GIVEN RECORDS:
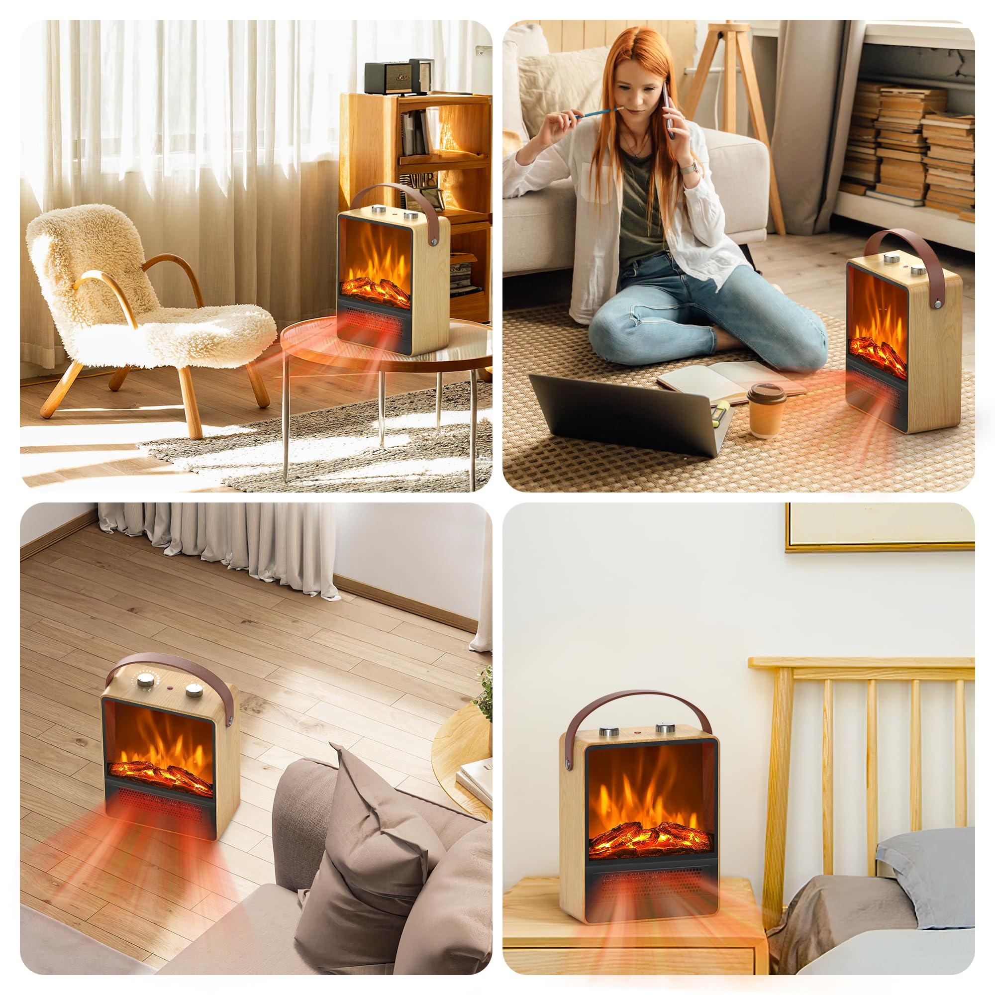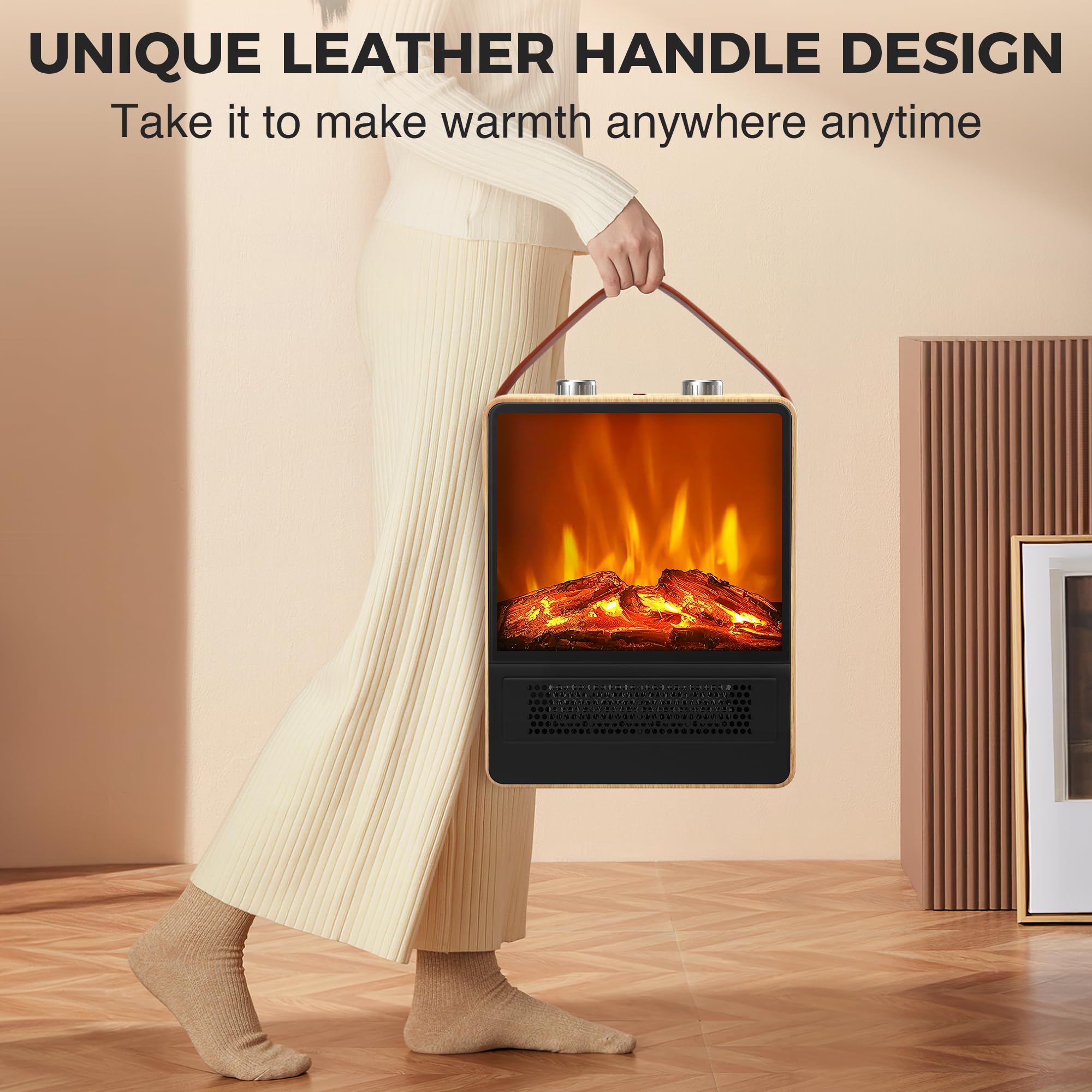 - Portable & Durable: This space heater fireplace is portable and lightweight. Featuring a high-quality belt carry handle, no matter you want to use it in your living room, dining room or bedroom, this portable heater can be easily transported.
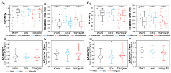 (A) Behavioral performances of participants in two-back WM tasks. (i) Accuracy comparison in pre-S and post-S stages for each group. (ii) RT comparison in pre-S and post-S stages for each group. (iii) The accuracy across the groups. (iv) The RT across the groups. (B) Behavioral performances of participants in three-back WM tasks. (i) Accuracy comparison in pre-S and post-S stages for each group. (ii) RT comparison in pre-S and post-S stages for each group. (iii) The accuracy across the groups. (iv) The RT across the groups. The black lines represent sham stimulation, the blue lines represent sine stimulation, the red lines represent triangular stimulation, dashed lines indicate the pre-S stage, and solid lines indicate the post-S stage (* p < 0.05; ** p < 0.01; = (post-S − pre-S)/pre-S).
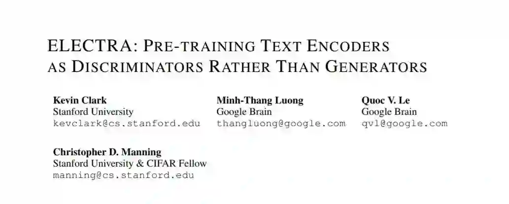 掩蔽语言建模(MLM)的预训练方法,如BERT,通过用[掩码]替换一些token来破坏输入,然后训练一个模型来重建原始token。虽然它们在迁移到下游的NLP任务时会产生良好的结果,但它们通常需要大量的计算才能有效。作为一种替代方案,我们提出了一种更具样本效率的预训练任务,称为替换token检测。我们的方法不是屏蔽输入,而是用从小型生成器网络中取样的可信替代方案替换一些令牌,从而破坏了输入。然后,我们不是训练一个模型来预测损坏的令牌的原始身份,而是训练一个判别模型来预测损坏的输入中的每个令牌是否被生成器样本替换。深入的实验表明,这种新的训练前任务比MLM更有效,因为该任务是在所有的输入标记上定义的,而不仅仅是被屏蔽的小子集。结果,在相同的模型大小、数据和计算条件下,通过我们的方法学习的上下文表示大大优于BERT学习的上下文表示。小型模型的收益尤其出色劲; 例如,我们在一个GPU上训练一个模型4天,该模型在GLUE自然语言理解基准上的性能优于GPT(使用30倍以上的计算进行训练)。我们的方法在规模上也运行良好,它的性能与RoBERTa和XLNet相当,但使用的计算不到它们的1/4,并且在使用相同数量的计算时性能优于它们。
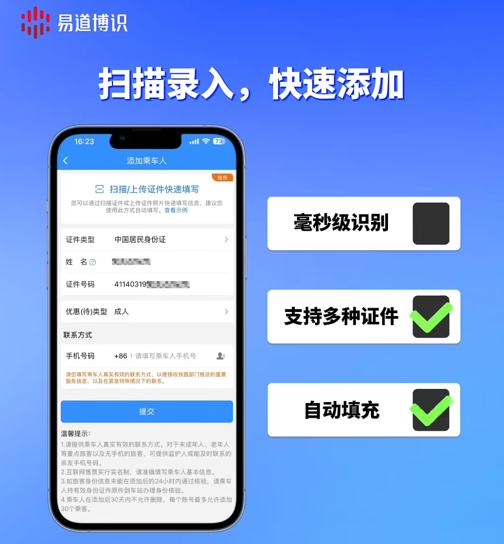 中國鐵路12306集成易道博識移動端識別SDK,針對“添加乘車人”這一高頻交互環(huán)節(jié)進(jìn)行了技術(shù)升級。通過OCR(光學(xué)字符識別)技術(shù),解決傳統(tǒng)手動錄入模式下的效率瓶頸與數(shù)據(jù)準(zhǔn)確性問題,實現(xiàn)從身份驗證到購票下單的數(shù)字化閉環(huán)。
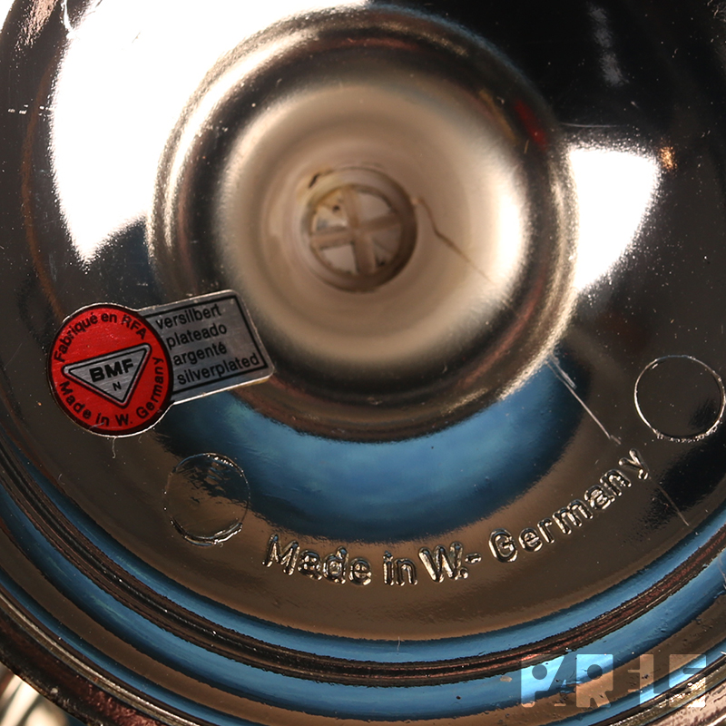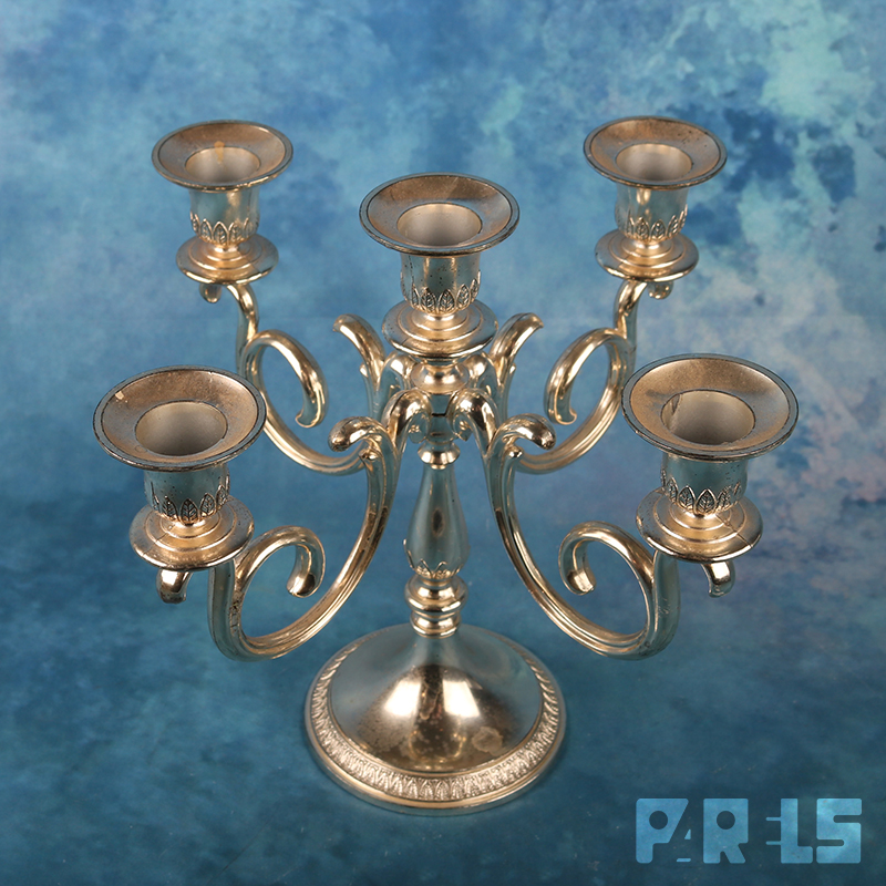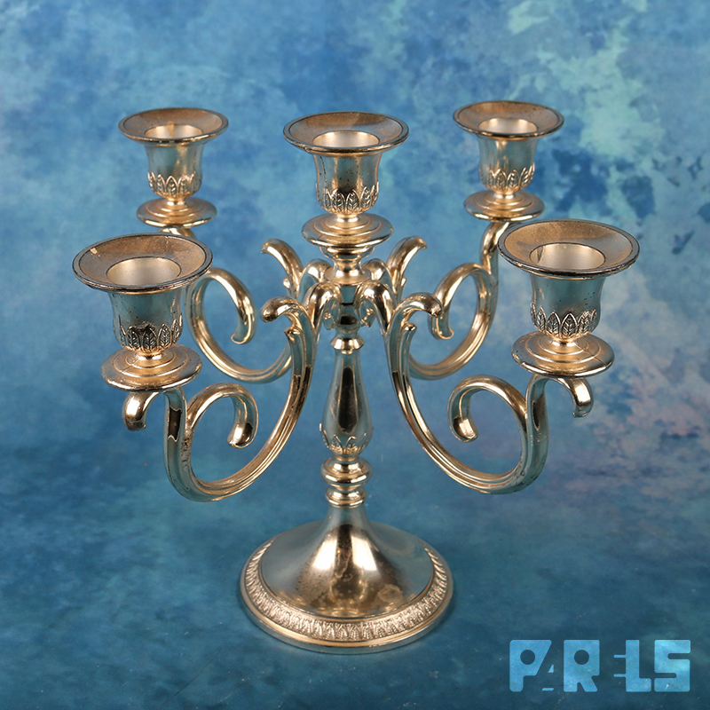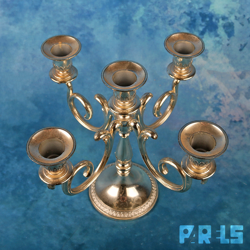 Vintage vijfarmige verzilverde kandelaar van BMF (Bayerische Metallwarenfabrik), een Duits bedrijf dat actief was tussen 1902 en 1998. Deze stijl met sierlijke, gedraaide armen is typerend voor de vintage collectie van het merk uit de jaren ’60 of ’70. Gemaakt in het voormalige West-Duitsland. Onderop gemerkt.
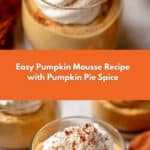Keywords: pumpkin mousse, no egg mousse, roasted pumpkin dessert, easy pumpkin dessert, fall dessert, pumpkin pie spice mousse

WORK INSTRUCTIONS:
Reproduce the records above word for word, without the images.

RESULT:
 - Portable & Durable: This space heater fireplace is portable and lightweight. Featuring a high-quality belt carry handle, no matter you want to use it in your living room, dining room or bedroom, this portable heater can be easily transported.
 (A) Behavioral performances of participants in two-back WM tasks. (i) Accuracy comparison in pre-S and post-S stages for each group. (ii) RT comparison in pre-S and post-S stages for each group. (iii) The accuracy across the groups. (iv) The RT across the groups. (B) Behavioral performances of participants in three-back WM tasks. (i) Accuracy comparison in pre-S and post-S stages for each group. (ii) RT comparison in pre-S and post-S stages for each group. (iii) The accuracy across the groups. (iv) The RT across the groups. The black lines represent sham stimulation, the blue lines represent sine stimulation, the red lines represent triangular stimulation, dashed lines indicate the pre-S stage, and solid lines indicate the post-S stage (* p < 0.05; ** p < 0.01; = (post-S − pre-S)/pre-S).
 掩蔽语言建模(MLM)的预训练方法,如BERT,通过用[掩码]替换一些token来破坏输入,然后训练一个模型来重建原始token。虽然它们在迁移到下游的NLP任务时会产生良好的结果,但它们通常需要大量的计算才能有效。作为一种替代方案,我们提出了一种更具样本效率的预训练任务,称为替换token检测。我们的方法不是屏蔽输入,而是用从小型生成器网络中取样的可信替代方案替换一些令牌,从而破坏了输入。然后,我们不是训练一个模型来预测损坏的令牌的原始身份,而是训练一个判别模型来预测损坏的输入中的每个令牌是否被生成器样本替换。深入的实验表明,这种新的训练前任务比MLM更有效,因为该任务是在所有的输入标记上定义的,而不仅仅是被屏蔽的小子集。结果,在相同的模型大小、数据和计算条件下,通过我们的方法学习的上下文表示大大优于BERT学习的上下文表示。小型模型的收益尤其出色劲; 例如,我们在一个GPU上训练一个模型4天,该模型在GLUE自然语言理解基准上的性能优于GPT(使用30倍以上的计算进行训练)。我们的方法在规模上也运行良好,它的性能与RoBERTa和XLNet相当,但使用的计算不到它们的1/4,并且在使用相同数量的计算时性能优于它们。
 中國鐵路12306集成易道博識移動端識別SDK,針對“添加乘車人”這一高頻交互環(huán)節(jié)進(jìn)行了技術(shù)升級。通過OCR(光學(xué)字符識別)技術(shù),解決傳統(tǒng)手動錄入模式下的效率瓶頸與數(shù)據(jù)準(zhǔn)確性問題,實現(xiàn)從身份驗證到購票下單的數(shù)字化閉環(huán)。
 Vintage vijfarmige verzilverde kandelaar van BMF (Bayerische Metallwarenfabrik), een Duits bedrijf dat actief was tussen 1902 en 1998. Deze stijl met sierlijke, gedraaide armen is typerend voor de vintage collectie van het merk uit de jaren ’60 of ’70. Gemaakt in het voormalige West-Duitsland. Onderop gemerkt.
Keywords: pumpkin mousse, no egg mousse, roasted pumpkin dessert, easy pumpkin dessert, fall dessert, pumpkin pie spice mousse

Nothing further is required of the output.